The Tech sector has long been recognised as male dominated, with a survey by agency Inclusive Boards identifying that only 12.6% of board members in the sector are women, compared to the 30% female representation now achieved by FTSE 100 businesses. The release of GCSE and A-Level results earlier this month have therefore shown some encouraging signs for the future in tackling this gender gap.

For the first time the number of female students taking sitting A-level exams in Stem (science, technology and maths) subjects overtook males.

The GCSE results also contained encouraging data, with an increase in the number of teenagers sitting GCSEs in STEM subjects. Maths entries increased by 4.2%, and computing by 7.2%, driven by a 14% increase in female entries. Although girls make up only 21.4% of those that sat computing, they outperformed their male classmates with 24.9% achieving a 7/A, compared to 20.8% of their male peers.  

Gavin Williamson, the education secretary for England, said: “I’m delighted to see more pupils choosing science-related subjects. This is encouraging particularly as we look to boost science in this country and the skills we’ll need in the future.”

Although these figures show a move in the right direction, uptake of STEM subjects and, as a result, employment in STEM based industries is still predominately male.

To tackle this, as part of its commitment to boosting gender diversity, the government recently announced it will be investing £18.5 million in the Tech Sector to help drive up skills and encourage retraining and career development – particularly in the areas of AI and data science.

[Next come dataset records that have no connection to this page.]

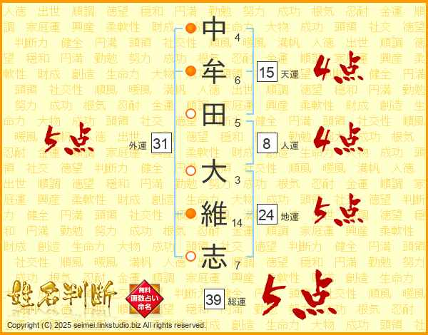 中牟田大維志さんの天運は15画の4点!
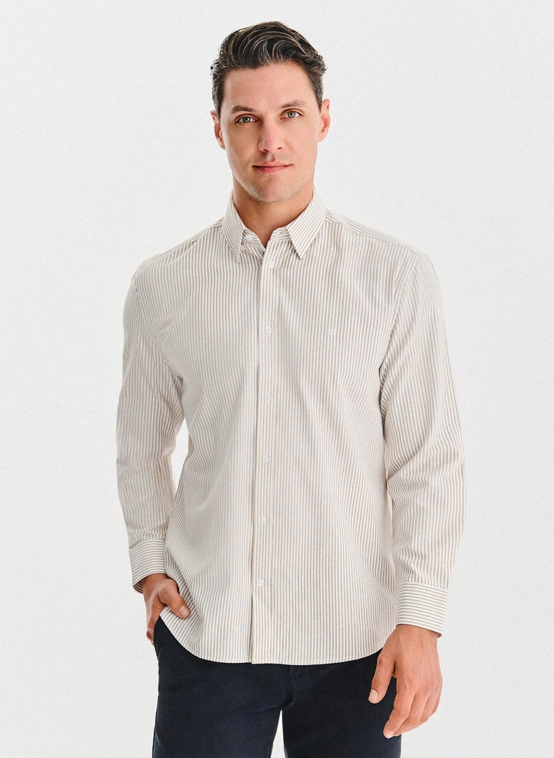 Smėliniai vyriški marškiniai juostelėmis
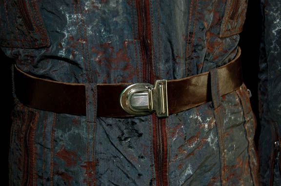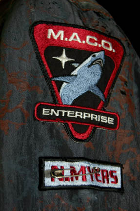 Description: A costume featured in several episodes of Star Trek: Enterprise for wear by the MACO, Military Assault Command Operations, essentially the 22nd century equivalent to the Marine Corp Special Forces. The costume is a long sleeved duty fatigue jacket of distressed urban camouflage with functioning pockets, zipper up the front, zipper/Velcro cuff adjustment, a sewn in undergarment, corresponding trousers, boots, a brown t-shirt, leather gloves and belt. The jacket includes embroidered patches with the MACO insignia, name patch for “N. Myers” on the right shoulder and rank patches of Private on the left shoulder although no one was actually referred to as “Private” on the show, just collectively as MACO’s. The assault kit contains an equipment belt, belt keeper clips, rubber cast EM-33 pistol and corresponding holster, simulated metal stun baton, one light up stun grenade (depression switch activation, flashing blue LED lights and unknown power source), one foam rubber one, foam rubber prop scanner, one compressed rubber Starfleet Energy Carbine with black nylon strap, one clip pouch for the EM-33 with three clips, and one backpack in the same urban camouflage and black nylon straps. A sewn in tag reads ‘Enterprise, Ricky Lomax’.
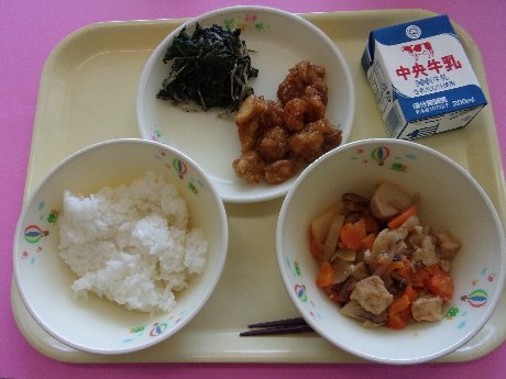 ご飯、牛乳、揚げ鶏のレモンソース、おおひら、磯香和え
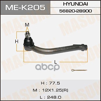 Наконечник рулевой Hyundai Starex 07-, Grand Starex/H-1 08- MASUMA правый 49265 568204H100;820575;BTR5639;5100339SX;PS1390RKOR;1110HH24R;QR3862S;S071025;4207508;51148;230885;MTR8H25;PXCTA040S;87435;19751AP;JTRHY012;0285193;91086471;3900201;CEKH43R;TS56820
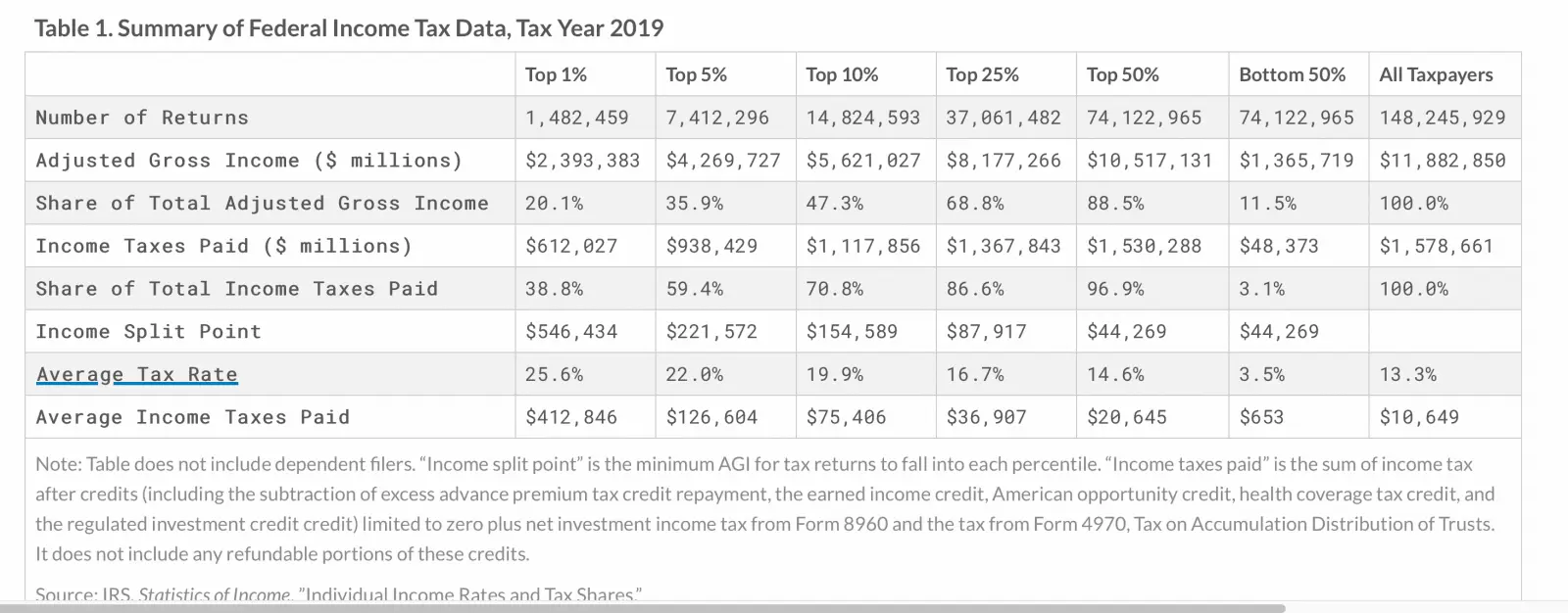 FACT:Summary of the Latest Federal Income Tax Data
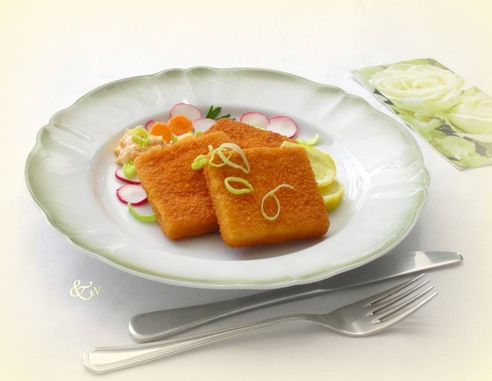 Zu den panierten Fischfilets passen Kartoffelsalat, oder Reis bzw. Petersilkartoffeln mit grünem Blattsalat.

It will also be investing £13.5 million over the next three years to provide an additional 2,500 AI and data science conversion degree places, with 1000 scholarships available for people from underrepresented groups such as women, people from minority ethnic or lower social-economic backgrounds.  It is hoped this will provide those with degrees in other disciplines the opportunity to retrain and become experts in data science and AI.

In addition, a £5 million government Adult Learning Technology Innovation Fund will be created to drive innovation in adult online learning by providing funding and expertise to incentivise tech firms to develop cutting-edge tools to deliver bespoke and engaging online training opportunities to support more people into skilled employment.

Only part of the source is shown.